» **Task goal**: Skip the pictures. Quote every line below, exactly, from the one with "その後、粘土が形になるのを待ち、道具を使って余分な部分を切り取ります。" through the final line.

» **Data under study**:
== == ==
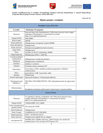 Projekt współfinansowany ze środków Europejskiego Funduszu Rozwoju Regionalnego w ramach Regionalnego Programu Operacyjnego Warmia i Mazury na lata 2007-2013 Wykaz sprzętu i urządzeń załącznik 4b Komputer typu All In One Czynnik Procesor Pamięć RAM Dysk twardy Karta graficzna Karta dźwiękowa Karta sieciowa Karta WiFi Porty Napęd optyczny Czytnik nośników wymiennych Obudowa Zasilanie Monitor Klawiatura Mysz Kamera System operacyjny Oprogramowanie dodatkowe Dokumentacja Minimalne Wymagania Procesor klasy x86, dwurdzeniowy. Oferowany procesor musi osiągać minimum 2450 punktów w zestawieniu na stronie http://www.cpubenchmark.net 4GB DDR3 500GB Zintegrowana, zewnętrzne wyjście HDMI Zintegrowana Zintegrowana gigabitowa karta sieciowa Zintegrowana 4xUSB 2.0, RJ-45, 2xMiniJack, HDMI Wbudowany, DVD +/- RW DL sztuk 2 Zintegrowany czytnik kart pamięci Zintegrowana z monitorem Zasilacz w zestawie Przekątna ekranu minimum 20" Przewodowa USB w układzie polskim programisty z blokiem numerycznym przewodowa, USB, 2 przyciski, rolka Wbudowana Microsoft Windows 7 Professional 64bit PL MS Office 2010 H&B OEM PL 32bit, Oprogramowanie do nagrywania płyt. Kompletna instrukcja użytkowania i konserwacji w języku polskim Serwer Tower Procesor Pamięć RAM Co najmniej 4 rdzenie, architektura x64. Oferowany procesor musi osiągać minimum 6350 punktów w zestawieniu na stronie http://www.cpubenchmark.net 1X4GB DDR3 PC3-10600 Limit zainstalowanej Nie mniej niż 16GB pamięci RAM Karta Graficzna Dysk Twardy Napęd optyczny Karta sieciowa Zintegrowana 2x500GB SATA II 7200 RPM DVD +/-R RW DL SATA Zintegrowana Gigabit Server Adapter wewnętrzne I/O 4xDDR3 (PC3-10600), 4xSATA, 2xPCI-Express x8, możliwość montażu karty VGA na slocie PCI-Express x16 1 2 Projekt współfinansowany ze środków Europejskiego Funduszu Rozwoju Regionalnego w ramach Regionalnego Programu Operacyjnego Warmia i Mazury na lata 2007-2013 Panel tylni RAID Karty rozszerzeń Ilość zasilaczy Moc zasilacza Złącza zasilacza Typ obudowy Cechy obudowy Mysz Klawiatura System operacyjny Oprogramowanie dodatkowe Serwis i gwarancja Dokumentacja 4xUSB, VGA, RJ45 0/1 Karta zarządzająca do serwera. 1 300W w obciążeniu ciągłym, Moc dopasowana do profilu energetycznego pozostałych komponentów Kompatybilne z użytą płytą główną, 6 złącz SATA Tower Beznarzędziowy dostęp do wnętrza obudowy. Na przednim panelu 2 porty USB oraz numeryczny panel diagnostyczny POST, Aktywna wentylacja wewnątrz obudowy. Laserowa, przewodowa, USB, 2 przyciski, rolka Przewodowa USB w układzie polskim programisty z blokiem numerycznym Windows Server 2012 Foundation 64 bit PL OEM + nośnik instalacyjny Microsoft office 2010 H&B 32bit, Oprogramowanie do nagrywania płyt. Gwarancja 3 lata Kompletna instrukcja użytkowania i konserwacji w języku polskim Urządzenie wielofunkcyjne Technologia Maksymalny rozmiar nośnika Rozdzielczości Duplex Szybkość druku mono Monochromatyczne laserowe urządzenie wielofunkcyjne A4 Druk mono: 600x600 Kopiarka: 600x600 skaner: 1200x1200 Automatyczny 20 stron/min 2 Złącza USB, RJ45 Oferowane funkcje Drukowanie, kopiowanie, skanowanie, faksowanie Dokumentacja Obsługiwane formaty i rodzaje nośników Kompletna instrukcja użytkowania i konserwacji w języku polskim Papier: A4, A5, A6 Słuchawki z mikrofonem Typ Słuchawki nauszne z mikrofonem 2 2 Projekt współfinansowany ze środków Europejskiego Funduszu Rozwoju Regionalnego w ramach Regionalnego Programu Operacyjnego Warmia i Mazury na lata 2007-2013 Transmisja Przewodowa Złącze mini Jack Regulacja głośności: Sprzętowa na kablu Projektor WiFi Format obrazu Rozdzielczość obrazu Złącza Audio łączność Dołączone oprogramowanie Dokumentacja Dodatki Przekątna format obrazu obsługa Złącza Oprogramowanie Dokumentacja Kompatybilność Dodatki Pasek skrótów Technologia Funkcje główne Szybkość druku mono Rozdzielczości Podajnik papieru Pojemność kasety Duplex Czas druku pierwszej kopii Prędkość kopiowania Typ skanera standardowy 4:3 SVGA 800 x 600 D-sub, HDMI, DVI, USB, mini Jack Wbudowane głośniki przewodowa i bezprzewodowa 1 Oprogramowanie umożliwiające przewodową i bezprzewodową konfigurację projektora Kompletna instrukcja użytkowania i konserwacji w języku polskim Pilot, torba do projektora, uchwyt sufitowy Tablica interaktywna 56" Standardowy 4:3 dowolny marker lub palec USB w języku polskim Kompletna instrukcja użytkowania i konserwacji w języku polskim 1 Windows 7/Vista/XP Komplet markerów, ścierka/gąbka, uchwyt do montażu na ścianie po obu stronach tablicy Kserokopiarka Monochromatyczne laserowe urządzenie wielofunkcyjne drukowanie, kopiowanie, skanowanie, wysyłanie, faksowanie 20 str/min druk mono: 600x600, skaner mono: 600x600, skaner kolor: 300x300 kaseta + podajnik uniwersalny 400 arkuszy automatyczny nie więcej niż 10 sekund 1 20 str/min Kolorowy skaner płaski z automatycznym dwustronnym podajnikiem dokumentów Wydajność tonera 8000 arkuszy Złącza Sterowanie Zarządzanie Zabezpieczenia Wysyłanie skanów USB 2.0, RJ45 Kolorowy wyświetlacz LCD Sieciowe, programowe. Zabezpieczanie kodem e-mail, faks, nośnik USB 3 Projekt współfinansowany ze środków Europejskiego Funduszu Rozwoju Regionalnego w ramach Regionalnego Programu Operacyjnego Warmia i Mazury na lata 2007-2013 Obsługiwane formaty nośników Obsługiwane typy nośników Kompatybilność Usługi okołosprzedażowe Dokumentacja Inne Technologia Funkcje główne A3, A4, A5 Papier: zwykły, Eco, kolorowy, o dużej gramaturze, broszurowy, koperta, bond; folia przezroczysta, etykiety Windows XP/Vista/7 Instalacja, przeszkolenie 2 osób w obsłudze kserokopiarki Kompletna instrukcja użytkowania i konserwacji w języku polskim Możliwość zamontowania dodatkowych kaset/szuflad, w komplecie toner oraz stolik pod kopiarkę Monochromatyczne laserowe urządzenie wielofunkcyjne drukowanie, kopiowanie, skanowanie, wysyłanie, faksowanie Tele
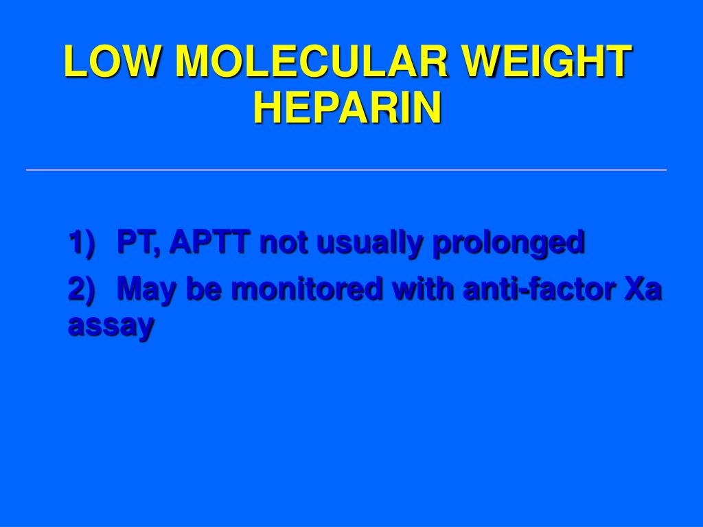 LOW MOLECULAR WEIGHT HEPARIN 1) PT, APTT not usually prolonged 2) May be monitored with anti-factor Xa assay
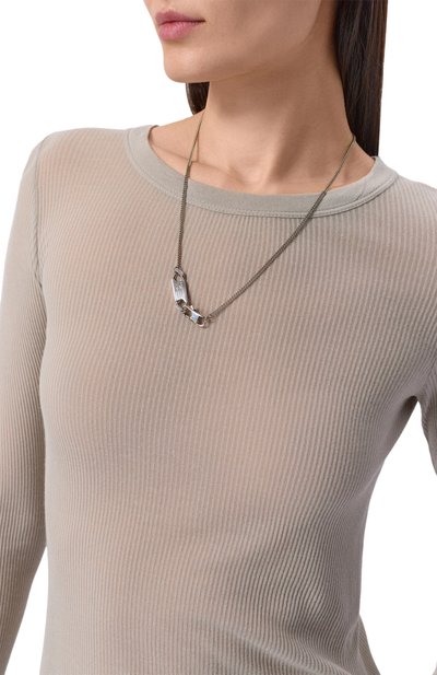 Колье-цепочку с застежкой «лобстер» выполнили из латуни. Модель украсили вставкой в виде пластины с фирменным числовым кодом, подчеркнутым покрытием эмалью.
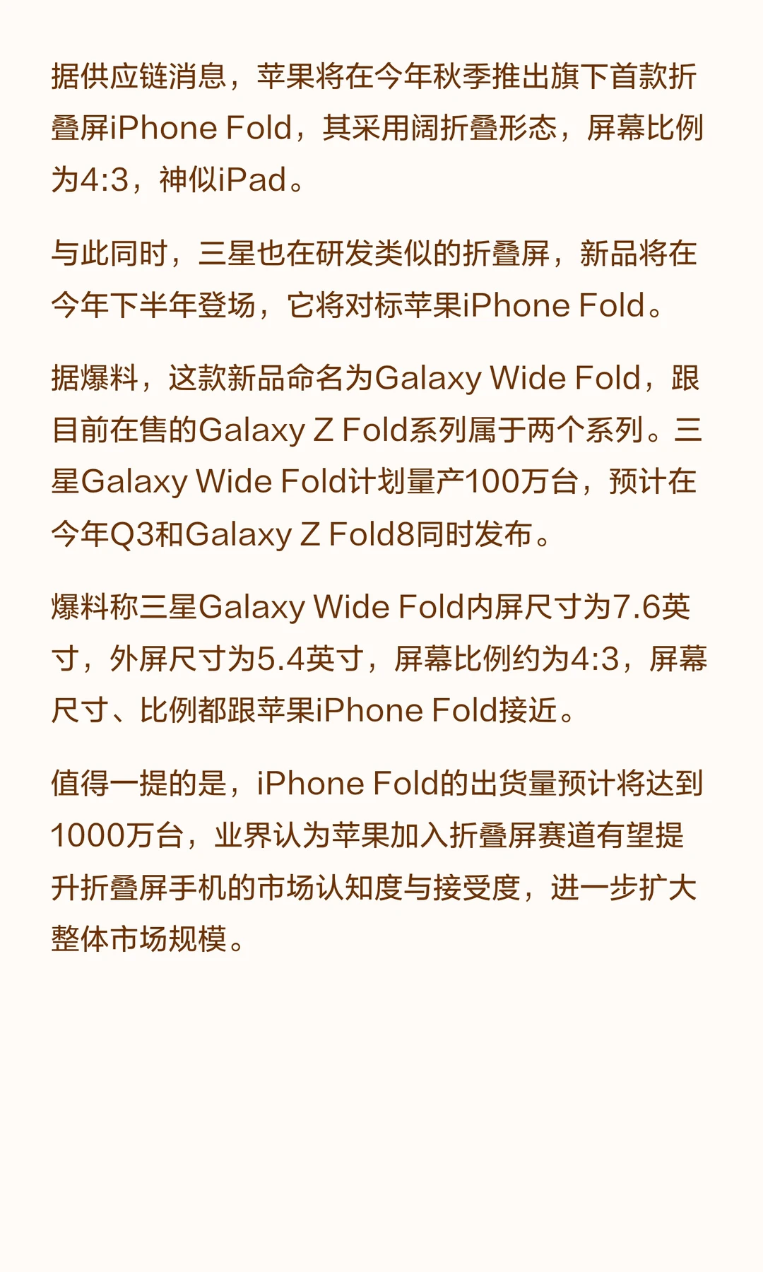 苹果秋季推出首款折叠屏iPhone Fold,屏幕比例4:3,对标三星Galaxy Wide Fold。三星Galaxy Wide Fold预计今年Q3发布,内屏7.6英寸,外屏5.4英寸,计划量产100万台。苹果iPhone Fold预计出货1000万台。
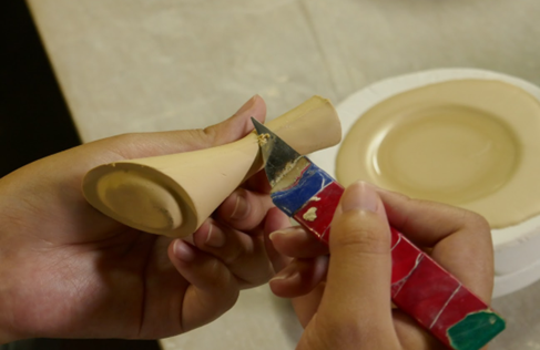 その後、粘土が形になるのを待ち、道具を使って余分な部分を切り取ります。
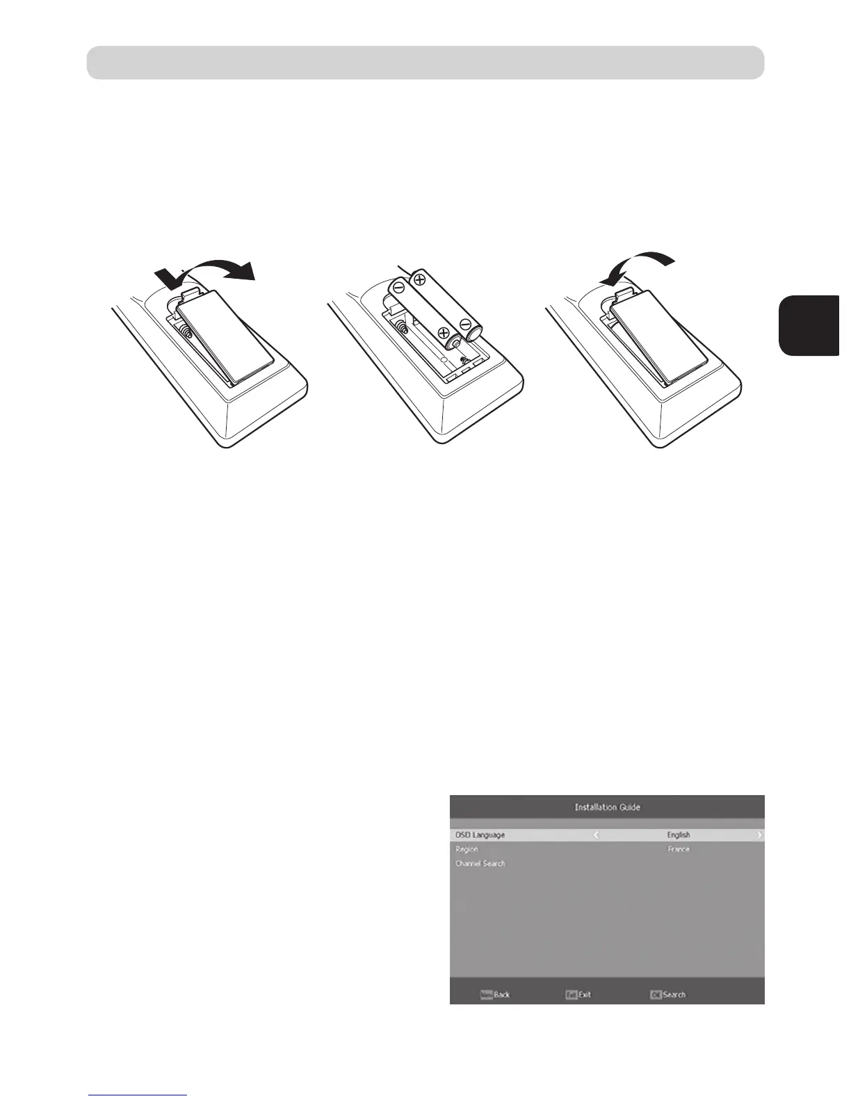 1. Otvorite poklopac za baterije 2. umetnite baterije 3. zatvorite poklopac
== == ==
» **Your response**:
 その後、粘土が形になるのを待ち、道具を使って余分な部分を切り取ります。
 1. Otvorite poklopac za baterije 2. umetnite baterije 3. zatvorite poklopac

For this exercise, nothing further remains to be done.